As a first step, we load the dataset by specifying the `file_path'. This dataset has been generated for the CaMg system using the ASSYST approach discussed in the previous session [02_assyst.ipynb](02_assyst.ipynb).

In [None]:
load_dataset = ReadPickledDatasetAsDataframe(file_path = "data/mgca.pckl.tgz", compression = None)
load_dataset.pull();

The histogram of the total energies of all atomic structures in the dataset is plotted using the `PlotEnergyHistogram' node.

In [None]:
hist_plot = PlotEnergyHistogram(df = load_dataset.outputs.df, log_scale = False)
hist_plot.pull();

Similarly, using the `PlotForcesHistogram` Node, we can plot the forces histogram

In [None]:
hist_plot = PlotForcesHistogram(df = load_dataset.outputs.df, log_scale = True)
hist_plot.pull();

## <font style="font-family:roboto;color:#455e6c"> Split the dataset into training and test </font> 

In a second step, we split the dataset into training and testing datasets.

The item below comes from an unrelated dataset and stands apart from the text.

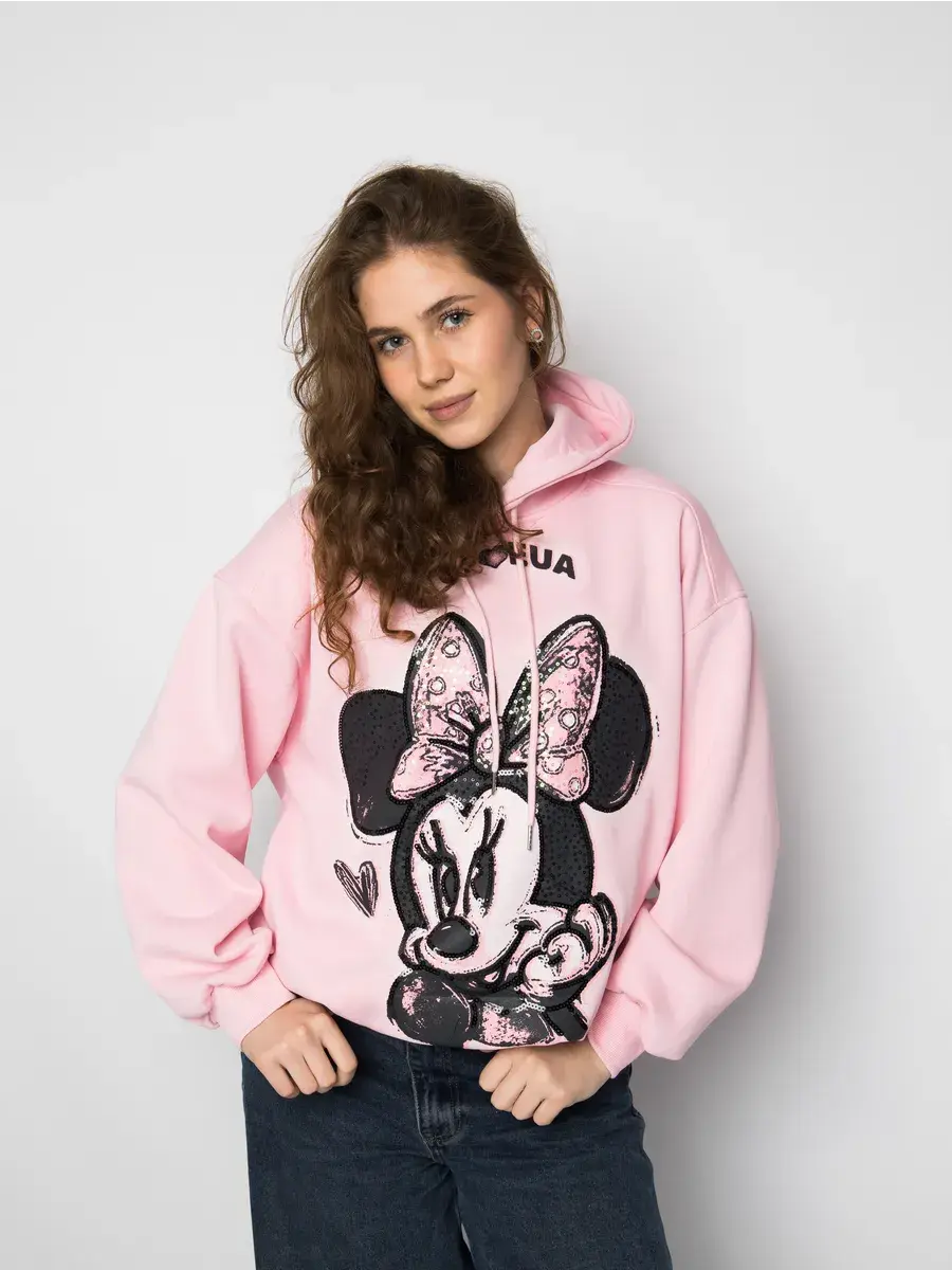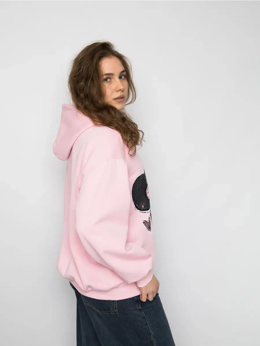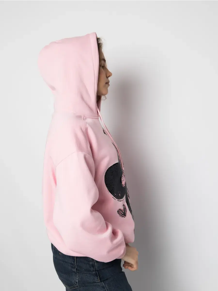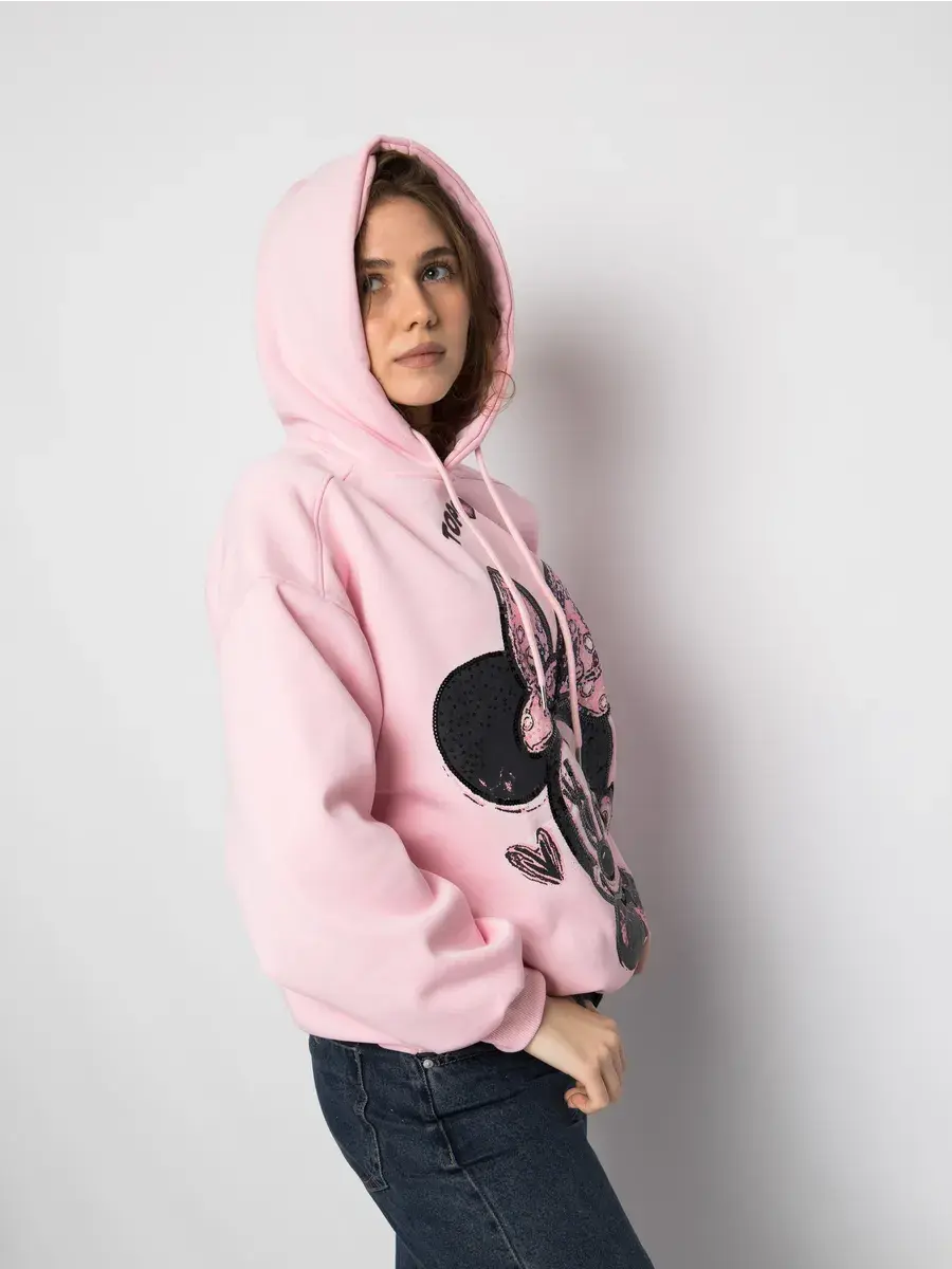 Толстовка женская утеплённая незаменимый вид одежды. Плотный трикотаж с утеплением внутри — мягкий флисовый начёс удерживает тепло и остаётся комфортным к телу. Свободная оверсайз посадка с заниженной линией плеч не сковывает движения, капюшон на кулиске защищает от ветра. Эластичные манжеты и плотная рибана по низу фиксируют посадку и помогают сохранять тепло, швы аккуратные и износостойкие. Центральный акцент — яркий принт-персонаж с долговечной отделкой: рисунок не трескается и сохраняет насыщенность после стирок. Материал неприхотлив в уходе: стирать при 30° наизнанку, быстро сохнет, не садится и не линяет. Модель хорошо сидит в привычном размере, даёт уют и чувство защищённости в прохладную погоду; подходит на осень, зиму и раннюю весну для города, учёбы и отдыха. Если ищете тёплое худи с начёсом и капюшоном в универсальном цвете, эта теплая толстовка станет практичным и стильным выбором.

This is done by choosing the percentage used for the training dataset through the `training_frac` parameter, where `training_frac = 0.5` means we use 50% for training and 50% for testing.

In [None]:
split_dataset = SplitTrainingAndTesting(data_df = load_dataset.outputs.df, training_frac = 0.5)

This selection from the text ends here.